A hallowed Eaves takes the scary out of open data at GTEC

A public policy entrepreneur, open government activist, negotiation expert and loquacious blogger, David Eaves champions the cause of open data in government. Systemscope’s Denise Eisner spoke to David after his well-received appearance at the GTEC conference in Ottawa.

David, one of the open data issues that emerged during the GTEC conference was the public sector concern regarding risk. Clearly the issue hit home as you blogged about it immediately! How would you advise federal departments trying to balance openness/transparency and risk management?

The only acceptable risk is if you think people are going to do something illegal. The policy infrastructure for dealing with people who do bad things already exists. This is not to say you shouldn’t have a communications strategy about your data. People may find missing or incorrect data, but that’s OK, you can fix that.

At GTEC, you issued an open challenge to the public sector audience to open their data. Why do you think open data in government has yet to take root?

The technology for sharing is relatively new and people in government are not used to sharing. But there’s a huge appetite among a cohort of public servants and they’re trying to get their institutions interested in sharing.

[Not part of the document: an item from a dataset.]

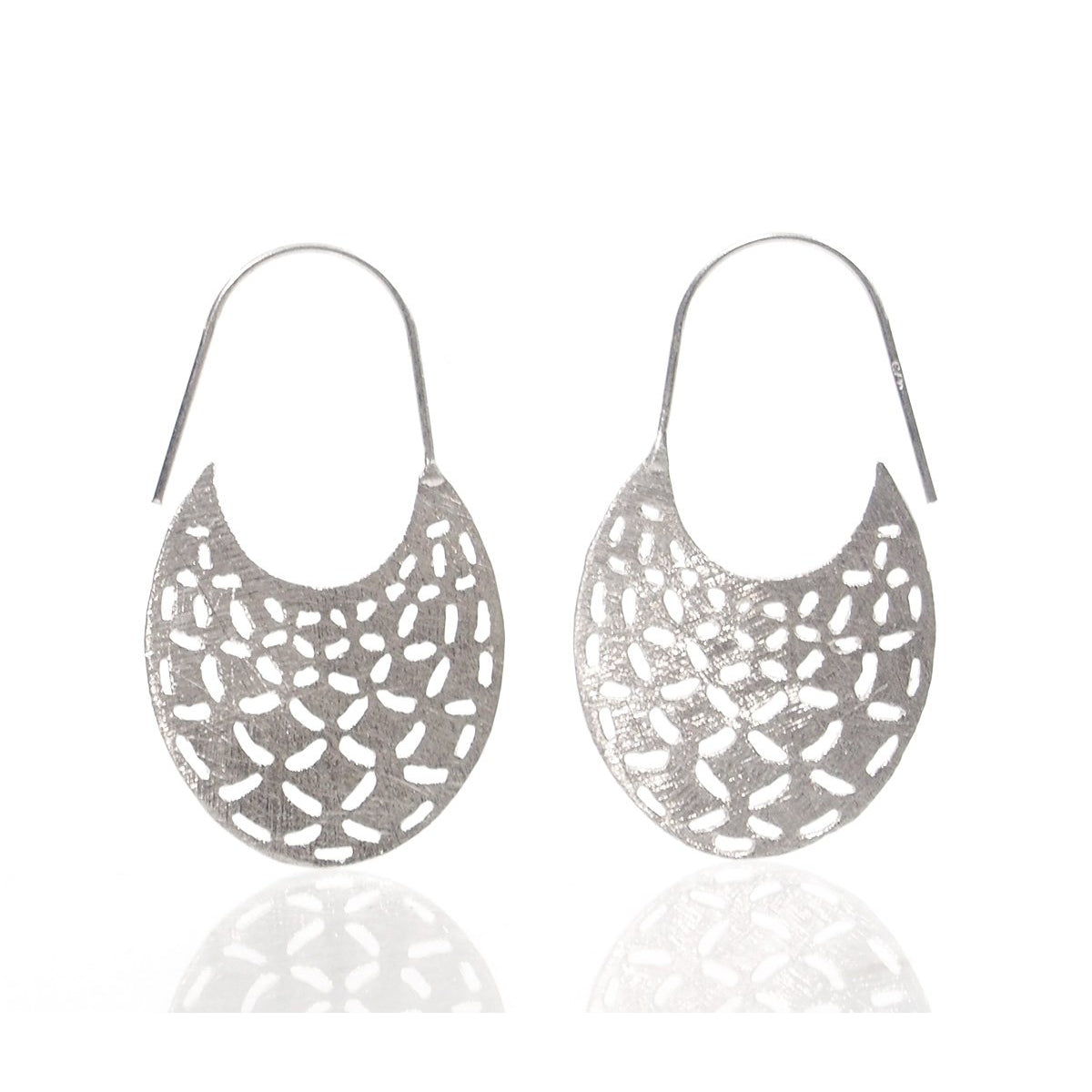 Sterling Silver Brushed Oval Cutout Basket Earrings

So what “low hanging fruit” should government departments be thinking about when deciding which data sets to make available first?

I would find all the data sets we already share with the public and consolidate them to a single portal. It is going to cost money and it will require people, something like a swat team to make data sets ready. Sometimes you have data trapped in proprietary structures and you need to get that into a format that’s usable for the world. Edit your procurement so that any new system you buy has an open data component to it. You have to reshape the vendor market.

The return on investment for open data is not just transparency: it’s an efficiency ROI.

You started an open data Web site, ostensibly to fill a void for accessible government open data. What have you learned from that process?

The thing that surprised me the most was how far some government departments have come in sharing in their data, particularly Natural Resources Canada and Environment Canada. As of today there are about 200 sets available.

Why not wait for government to finish their data portal project?

What makes the digital era so exciting is that we don’t have to wait for government to act: we can do it on our own. The datadotgc.ca site creates a safe place where we can model the behaviour we want government to display and then have them copy us. That would be the goal.

Did anything surprise you during your recent visit at GTEC?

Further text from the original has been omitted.